Prof. Michal Irani
Michal Irani is a Professor at the Weizmann Institute of Science, Israel, in the Department of Computer Science and Applied Mathematics. She received a B.Sc. degree in Mathematics and Computer Science from the Hebrew University of Jerusalem, and M.Sc. and Ph.D. degrees in Computer Science from the same institution. During 1993-1996 she was a member of the Vision Technologies Laboratory at the Sarnoff Research Center (Princeton). She joined the Weizmann Institute in 1997. Michal’s research interests center around computer vision, image processing, and video information analysis. Michal’s prizes and honors include the David Sarnoff Research Center Technical Achievement Award (1994), the Yigal Allon three-year Fellowship for Outstanding Young Scientists (1998), and the Morris L. Levinson Prize in Mathematics (2003). She received the ECCV Best Paper Award in 2000 and in 2002, and was awarded the Honorable Mention for the Marr Prize in 2001 and in 2005.

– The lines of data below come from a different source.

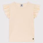 • A T-shirt with a delicate, feminine look thanks to its ruffled sleeves, for wearing on any occasion.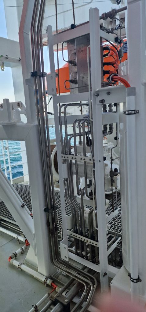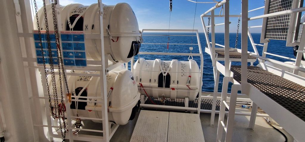 On my walk around the Promenade Deck, right at the aft end, I came across two female personnel watching over a highly polished box draped with a Red Ensign. It seems that a scattering of ashes at sea was about to occur, and the area was soon blocked off.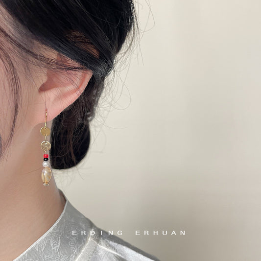 C廠【3962】新中式文藝復古個性風潮原創設計長款流蘇瑪瑙耳環 24.05-4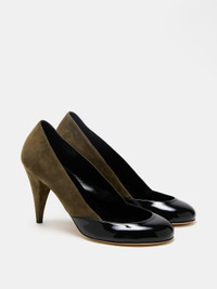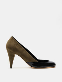 Le Monde Beryl x Kim Sion Sable Pump, handcrafted in khaki suede and black lamb leather with a round toe, low decollete, a cushioned calf-leather insole and a 95 mm triangular heel. Made in Italy. An exclusive capsule created in collaboration with Le Monde Beryl and creative consultant Kim Sion. Orders will be shipped in snakeskin print packaging with a black PVC dust bag. Le Monde Beryl x Kim Sion Sable Pump, handcrafted in khaki suede and black lamb leather with a round toe, low decollete, a cushioned calf-leather insole and a 95 mm triangular heel. Made in Italy. An exclusive capsule created in collaboration with Le Monde Beryl and creative consultant Kim Sion. Orders will be shipped in snakeskin print packaging with a black PVC dust bag.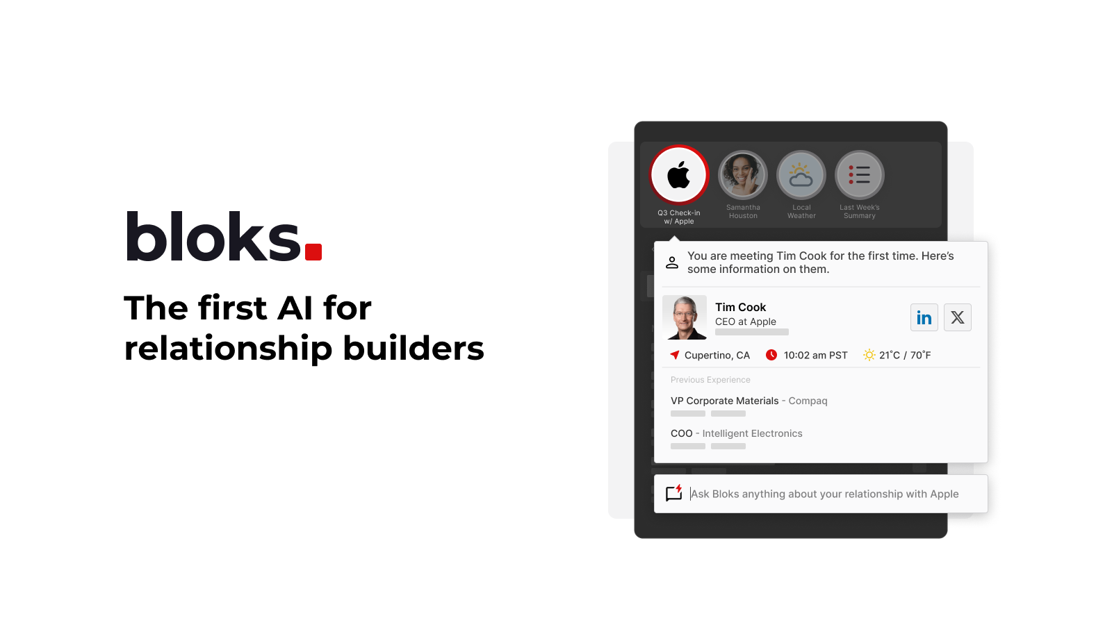 Bloks Briefs will transform the way you build relationships. It marks a significant stride in our evolution to become more than a meeting and productivity assistant but an AI-powered personal CRM that works on your behalf, just like a chief of staff 🫡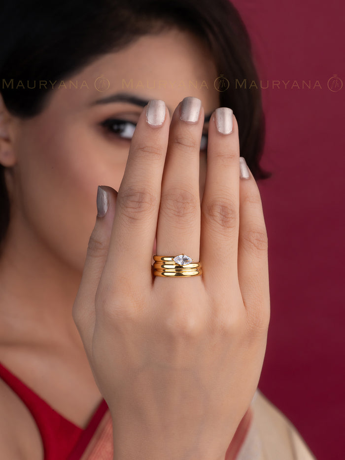 MAURYANA - Stainless Steel 18k Gold Plated Ring with Zircon Stud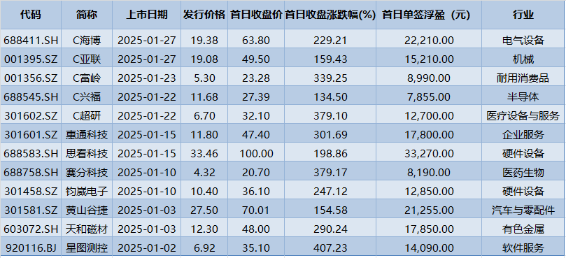 新股生态正发生新的变化,发行节奏持续处于低位。随着新股上市频率下降,加之A股市场整体转暖,新股市场人气较高。从上市表现来看,今年的新股上市首日平均涨幅翻倍。按收盘价计算,1月12只新股有三只新股首日打新收益站在了2万元以上。其中,单签收益最高的是思看科技。

Title: “Blind” Visual Inference
In this talk I will show how “blind” visual inference can be performed by exploiting the internal redundancy inside a single visual datum (whether an image or a video). The strong recurrence of patches inside a single image/video provides a powerful data-specific prior for solving complex tasks in a “blind” manner. The term “blind” here is used with a double meaning: (i) Blind in the sense that we can make sophisticated inferences about things we have never seen before, in a totally unsupervised way, with no prior examples or training data; and (ii) Blind in the sense that we can solve complex Inverse-Problems, even when the forward degradation model is unknown.
I will show the power of this approach through a variety of example problems (as time permits), including:
- “Blind Optics” — recover optical properties of the unknown sensor, or optical properties of the unknown environment. This in turn gives rise to Blind-Deblurring, Blind Super-Resolution, and Blind-Dehazing.
- Segmentation of unconstrained videos and images.
- Detection of complex objects and actions (with no prior examples or training).